PAV genes are distinct from conserved genes in many ways beyond their proximity to TEs. Violin plots showing the distributions of a) gene GC content, b) gene lengths, c) expression in culture, d) expression in planta, and e) normalized H3K27me3 histone mark ChIP-Seq signal for PAV and conserved genes in MoO and MoT. In panel e), MoT genes were not included as these data are not available for MoT. Rectangles within violin plots represent interquartile ranges, dark lines represent medians, and dots represent the means with outliers removed. Statistics describing the distributions shown and statistical comparisons between these statistics are listed in Supplementary Files 11 and 12.

Fig. 6.

Random forest classifiers accurately identify PAV genes in MoO and MoT, but the models perform poorly on genes from the host they were not trained on. a) Confusion matrix showing average percentages for each classification outcome of the MoO random forest classifier when tested on MoO genes that it was not trained on. b) Decrease in the F1 statistic of the MoO random forest classifier when each feature is permuted in the testing data.

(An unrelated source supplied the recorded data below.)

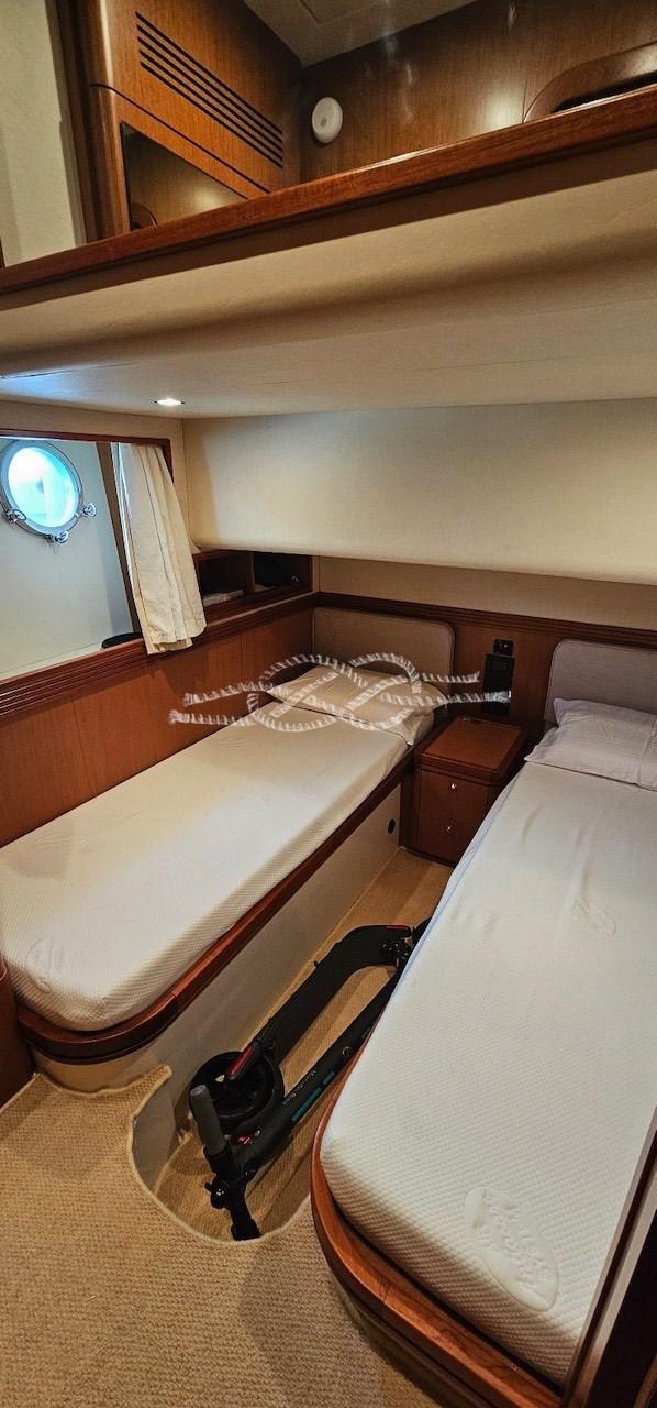 Cabina armatoriale con letto matrimoniale e bagno con box doccia (senza bidet) - cabina ospiti con due letti in piano - cabina ospiti con due letti incrociati - bagno ospiti con box doccia (senza bidet).
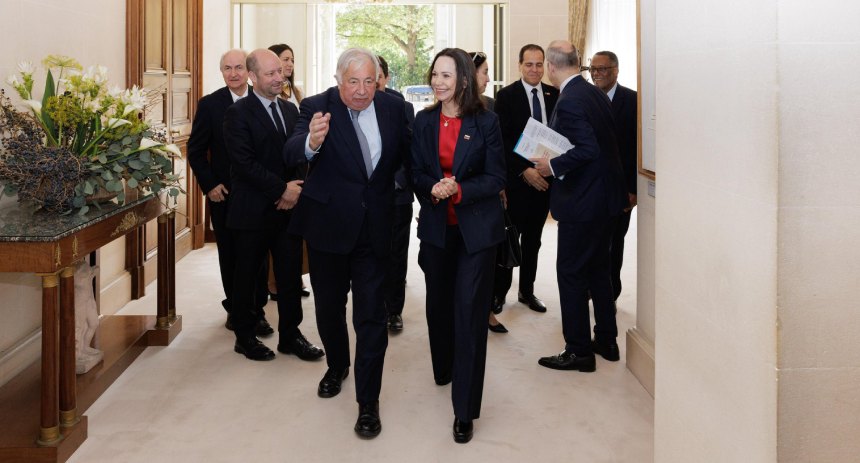 La líder de la oposición venezolana y Premio Nobel de la Paz, María Corina Machado se reunió con el presidente del Senado de Francia, Gérard Larcher, con quien abordó temas como la transición en Venezuela y la necesidad de establecer un cronograma electoral antes de que finalice el año.
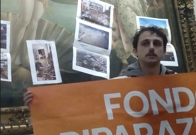 La Nascita della Venere di Botticelli, capolavoro del Rinascimento esposto agli Uffizi, è stato oggetto di un'azione da parte di due militanti di Ultima Generazione. I due hanno ricoperto nel pomeriggio di martedì 13 febbraio il quadro nel museo di Firenze con immagini delle alluvioni di Campi Bisenzio, attaccate con scotch di carta alla teca che protegge il dipinto. Il personale del museo ha fatto uscire i turisti, spento le luci e chiuso la sala. I carabinieri hanno raggiunto i due attivisti e li hanno fermati, adesso i due sono in caserma.
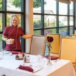 En plus des services de soins, la maison de retraite offre des chambres individuelles modernes et adaptées à la mobilité réduite, un restaurant proposant des menus équilibrés respectant les goûts et régimes des résidents, des activités en lien avec l’extérieur et des services tels qu’une boutique, un salon de coiffure, une blanchisserie, etc.
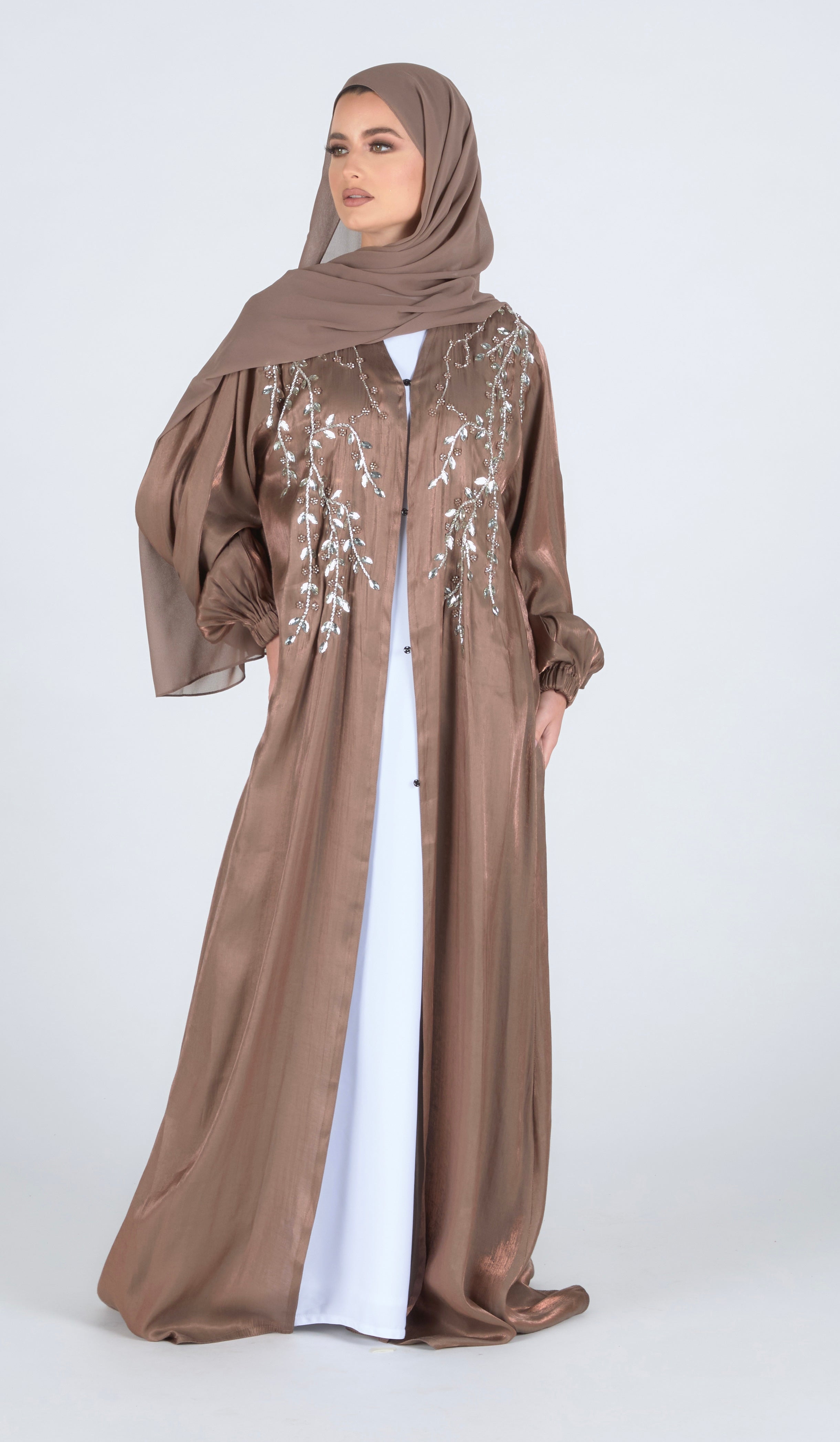 The perfect abaya for your next occasion, a shimmery mocha shade with pretty silver /mocha embellishment. Suitable for UK sizes... Read more

Features described as questions are binary, all other features are continuous. c) Decrease in the F1 statistic of the MoT random forest classifier when each feature is permuted in the testing data. d) Decrease in the F1 statistic of the MoO random forest classifier trained on a subset of features (reduced MoO model) when each variable is permuted in the testing data. e) Confusion matrix showing average percentages for each classification outcome of the MoT random forest classifier when tested on MoO genes. f) Confusion matrix showing average percentages for each classification outcome of the MoO random forest classifier trained on a subset of features (reduced MoO model) when tested on MoT genes. g) Density plots showing the distribution of the distances to the nearest PAV gene for false positive and true positive predictions by the MoT random forest classifier when tested on MoO genes. h) Density plots showing the distribution of the distances to the nearest PAV gene for false negative and true positive predictions by the MoO random forest classifier trained on a subset of features (reduced MoO model) when tested on MoT genes.